Believe me; nothing ruins your appetite like seeing a 10
foot trampoline attempting to mate with your shiny new car.
If it had been my old All Terrain Ford Focus being mounted
by a trampoline, we would have all tutted and continued to drink Prosecco.
However, as I have owned this shiny, red, 17 inch alloy wearing vehicle for
only 2 months, there was a mad scramble to get outside, remove the offending
item and tie it to something solid to ensure the scenario was not repeated.
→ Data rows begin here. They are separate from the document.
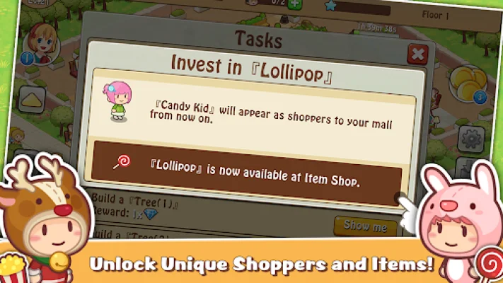 Be the ultimate tycoon by designing and managing your own mall in this exciting game! You have the power to create new floors, fill them with shops, special attractions, and amenities to attract shoppers. As you increase the appeal of your shops, you'll see cute interactions between shoppers and store owners. Expand your mall, upgrade stores and services, and invest to earn coins. And don't forget to run fever sales to make easy money!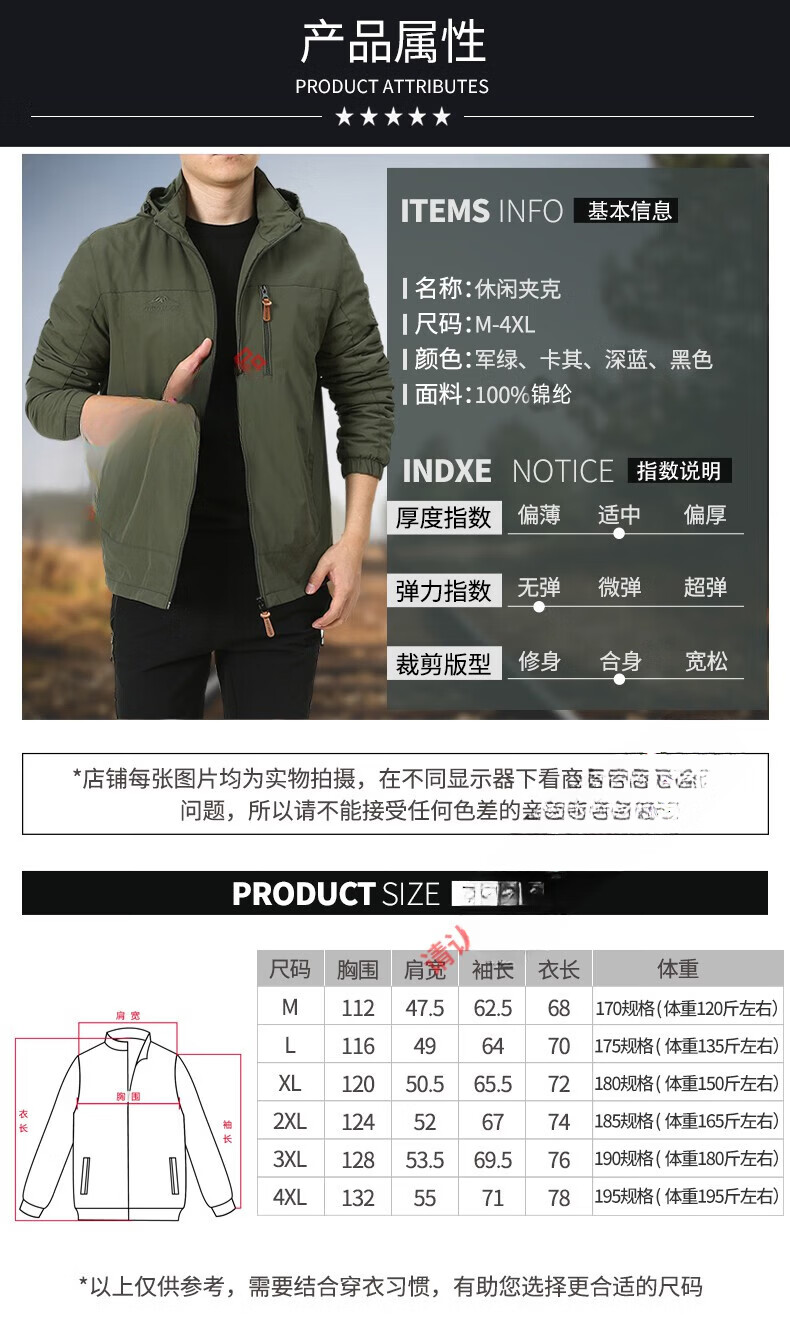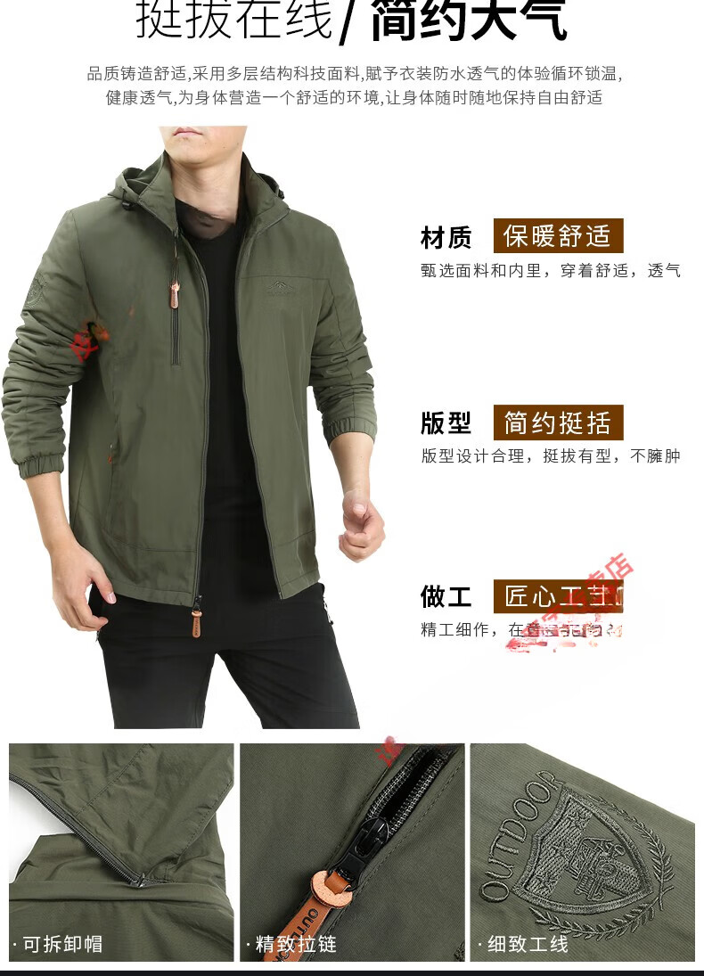 JEEP SPIRIT男装品牌户外夹克男士外套秋冬季2025新款中年男装秋装上衣 9888深蓝 不加绒 薄款 2XL 140-150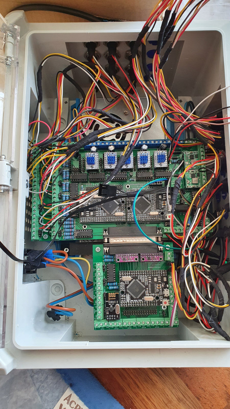 Die untere Reihe enthält dann alle LEDs, die von den Platinen nach Außen geführt wurden. Die LEDs sind von der OPEN-CNC-Shield-Platine sowie vom Wireless Adapter.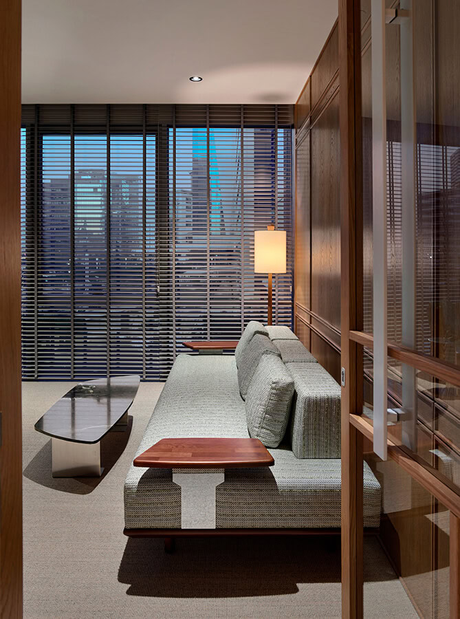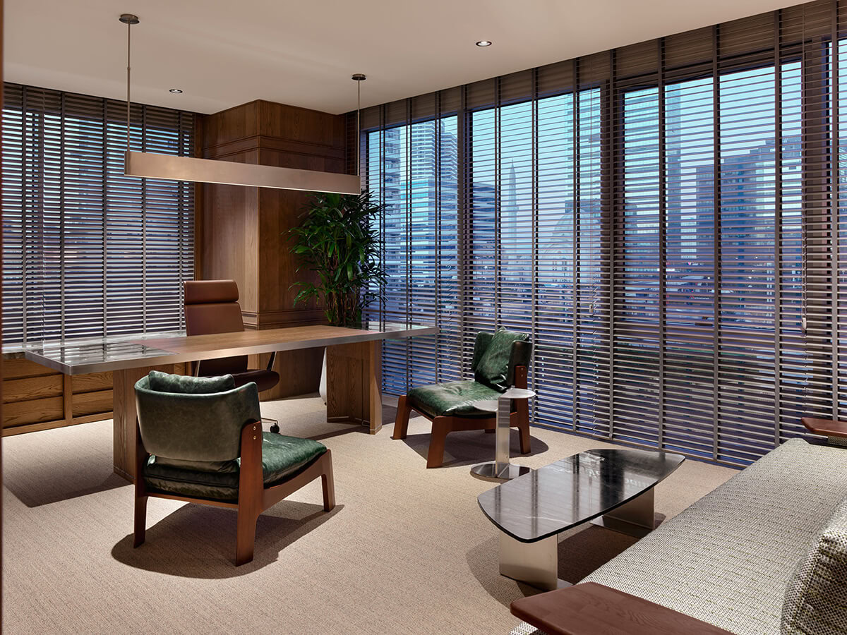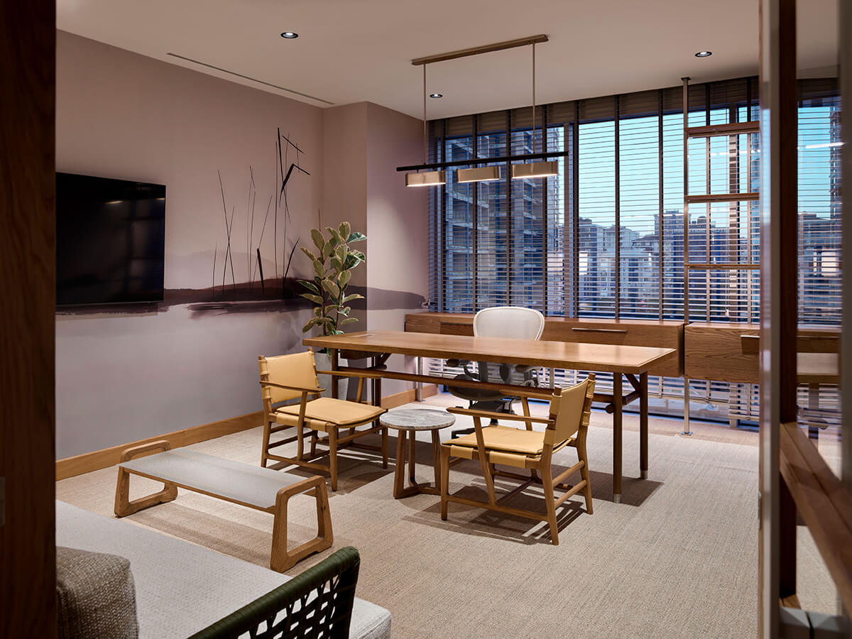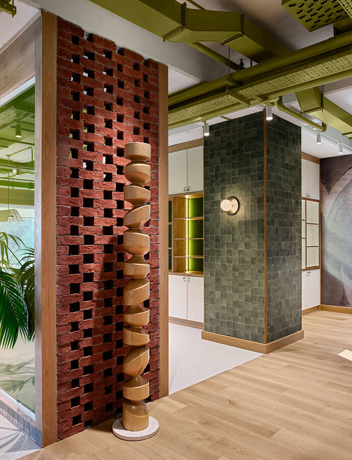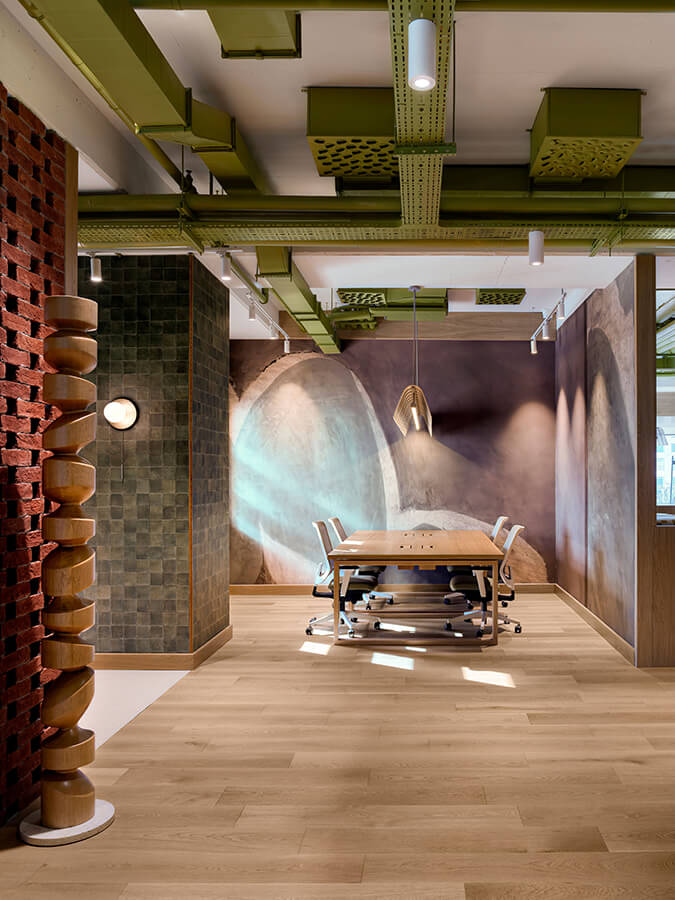 Projede, doğallık ve sıcaklık hissini artırmak amacıyla yumuşak dokulu kumaşlar, doğal ahşap yüzeyler ve sade renk paletleri tercih edildi. Bu malzemeler, sade ofis tasarımı prensipleriyle harmanlandı. İç mekân bitkilendirmesiyle duyusal denge desteklendi. Stratejik yerleştirilen yapay aydınlatmalarla modern ofis dekorasyonu zenginleştirildi.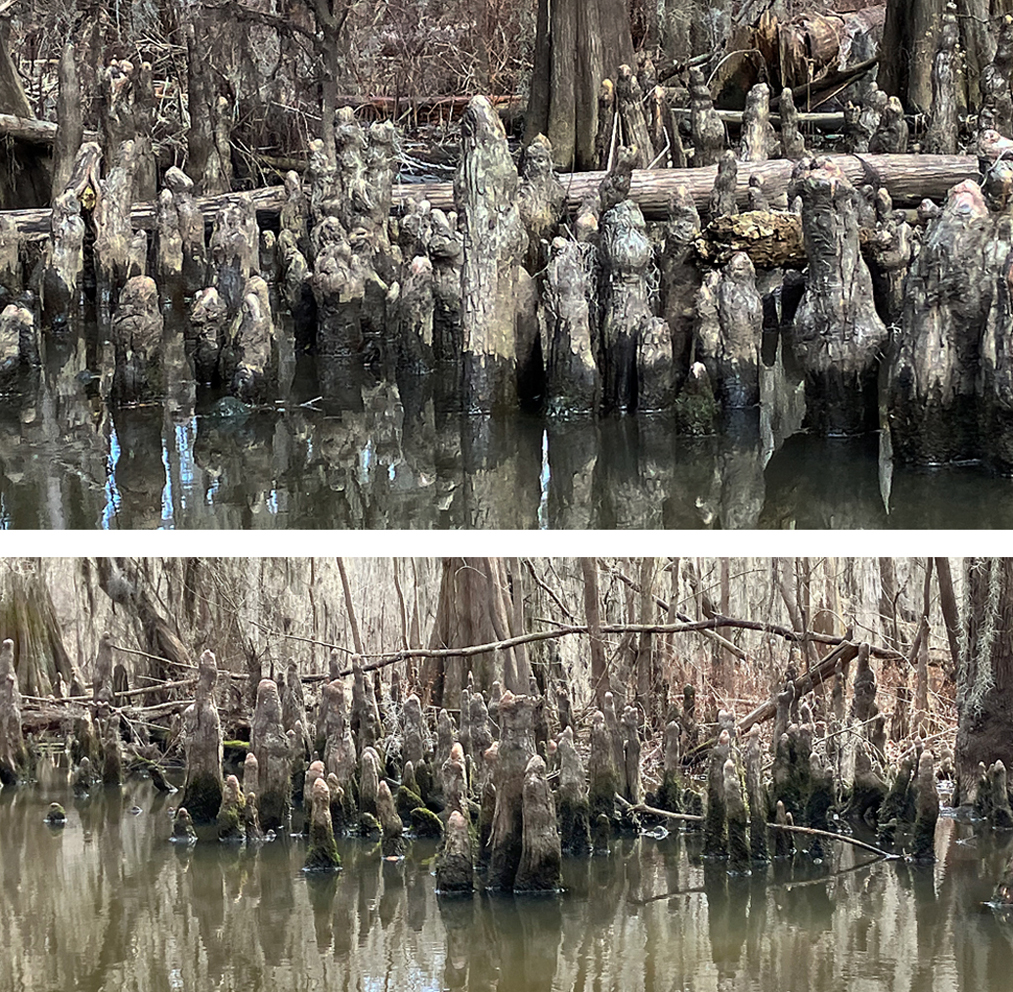 Above: Clusters of cypress knees.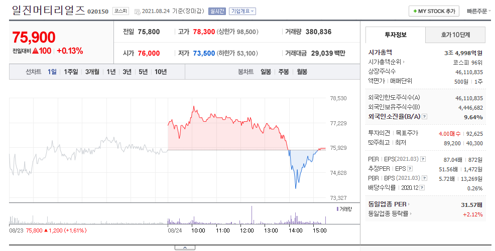 이차전지 동박 관련주 일진머티리얼즈 주가 전망 분석 중 시가총액은 3조 4,998억원이며 52주최고가는 89,200원입니다.

Once the trampoline was securely lashed to the damson tree
we returned to the kitchen to continue with our festive lunch. I drank lots
more Prosecco and possibly because of this, Other Half said that he thought I
was taking it rather well.
I closed the blinds on the kitchen window when I did the
dishes so I didn’t have to look at the felonious damage on my car’s bonnet and
told myself that it could have been much, much worse.
The bloke at the Very Local Garage I went to quoted 200
English pounds to remove the dent and respray the bonnet. So just for a laugh I
took the Licence Taker to the local Ford Garage for another quote. I immediately
knew this was going to be more expensive because firstly, they wanted my email
address so they could send the quote electronically and secondly, the man who
looked at my car had a clipboard and was wearing a suit. He told me that he had
seen a lot of damage resulting from over amorous trampolines and although this
was of some comfort it unfortunately didn’t reduce the quote for the repair
which was 100 quid more than Very Local Garage.
And so, I have decided (in light of the enormous bill that
Janey Herriot & Company sent me prior to the festive period) that I can
live with the dent and enormous scratch across the bonnet; for a little while
longer. And at least the damage hasn’t reduced the Licence Taker’s magnanimous
speed.
In these high winds that we are experiencing; the humble
trampoline turns into a killer. It has no respect for garden sheds or fences
and shows the same respect to cars that Celebrities show to HMRC.
Britney’s trampoline is now double anchored and tied to the
Eucalyptus tree.
It is not for turning.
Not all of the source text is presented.